The crew leader sighed like a deflating balloon. He closed his eyes before he started speaking. “About a week before I met you and Daven on the road, I asked Zathan to do something for me. I knew I’d be going to Riverbend for the Selection Festival and… and I wanted to impress Lanna, alright? I wanted her to see me as this great chaser, even though… even though I’m not.”
He let out a laugh that came out more like a sob. “I lied to you,” he continued. “To all of you. I’m not even registered with the CCC. I’m just a guy who got lucky in a dungeon and somehow looted a weapon powerful enough to carry me for the last few years.”
Diana looked at him with disgust. “What is wrong with you?” she said, and her tone carried more anguish than anger despite her words. “We trusted you. Daven thought the world of you.”

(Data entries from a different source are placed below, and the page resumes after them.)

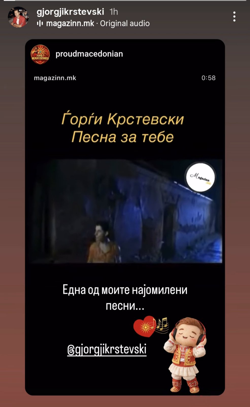 „Една од моите најомилени песни“, напиша тој на својата инстаграм-приказна.
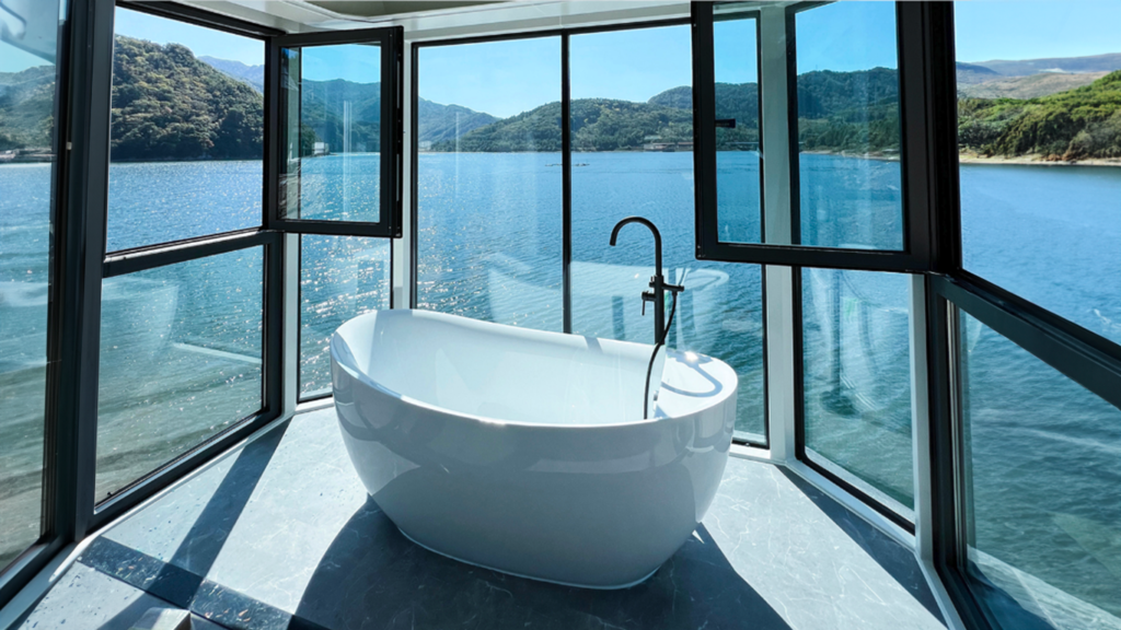 Située près de l’entrée du DreamCube Suite, la salle de bain est équipée d’une douche spacieuse et moderne, offrant une expérience de douche relaxante. L’aménagement optimisé inclut des équipements haut de gamme tels que des toilettes intelligentes, un lavabo design, ainsi que des étagères murales pour un rangement efficace sans sacrifier l’esthétique de la pièce.
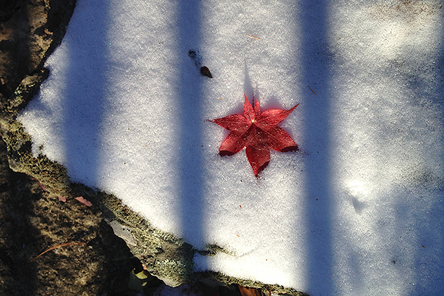 redleaf_snow Published November 23, 2016 at 900 × 601 in The Air Wild with Leaves Bloodgood maple leaf in snow
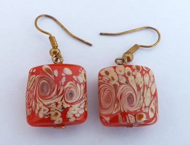 Vintage Orange & Cream Glass Bead Drop Earrings

“That is why you come to places like this, then,” Valerian spoke up from the side. “I wondered why a chaser the likes of which you describe yourself as would choose somewhere like Riverbend.” He shook his head in disappointment. “And it is simply because they do not know any better.”
Cedric kept quiet. He couldn’t meet their eyes. After a moment, Alex let go of him. He stared down at the crying, drunken wretch before him and let the power inside him wane. This was the mastermind behind everything that had been happening around here? No, it couldn't be. Looking at him now, he felt more pity than anything for the man.
“What did you ask Zathan to do for you?” he asked.
The crew leader wiped his nose with his sleeve. “I… I asked him to go into the forests north of the village. There are dungeons there that’ve never been pruned. I thought…” He wet his lips. “I thought he could just go there and have some monsters follow him all the way to the village during the Selection Festival. Harmless ones, like a few Wild Boars or Green Wolves.”
“Why?” Diana asked. “Why do all this?”
“I told you,” he said, dejected. “I just… I just wanted Lanna to see me as a hero. I’d kill all the monsters before anything happened. No one would’ve gotten hurt. None of this was supposed to happen. I don’t know anything about Kruwals.”
Stupefied, Alex reared back. He did all of that to impress a girl, only for her father to end up dead, her home burnt, and half her village destroyed. A sudden realization dawned on him.
“That’s why you looked so horrified back at Riverbend when you saw the water mage—the sorcerer, bringing down the bridge,” he said. “You knew it was him, you just didn’t know why he was doing all of that.”
Cedric nodded, eyes downcast. “I don’t know what happened to him. How he got so powerful or why he would be with all those monsters. I really don’t.”
“What about the Riverbend dungeon?” he asked, thinking back on his earlier suspicions. “Why was it overflowing before it should?”
“I don’t know.” The man swallowed a sob and shrugged. “It's known to happen sometimes, I think. I don’t know as much about dungeons and chasing as I led you all to believe,” he admitted.
At that, all the remaining anger fled him, and Alex sat down on the next stool over. He just felt numb. Unless Cedric was the greatest actor he had ever seen, the man was telling the truth and had nothing to do with the Kruwal. He was back to square zero.
“I can’t believe this,” Diana murmured. She looked ready to tear out her own hair, out of anger or desperation or both.
“I’m sorry, guys,” Cedric said, clutching his drink like it would bring him salvation. “I really am.”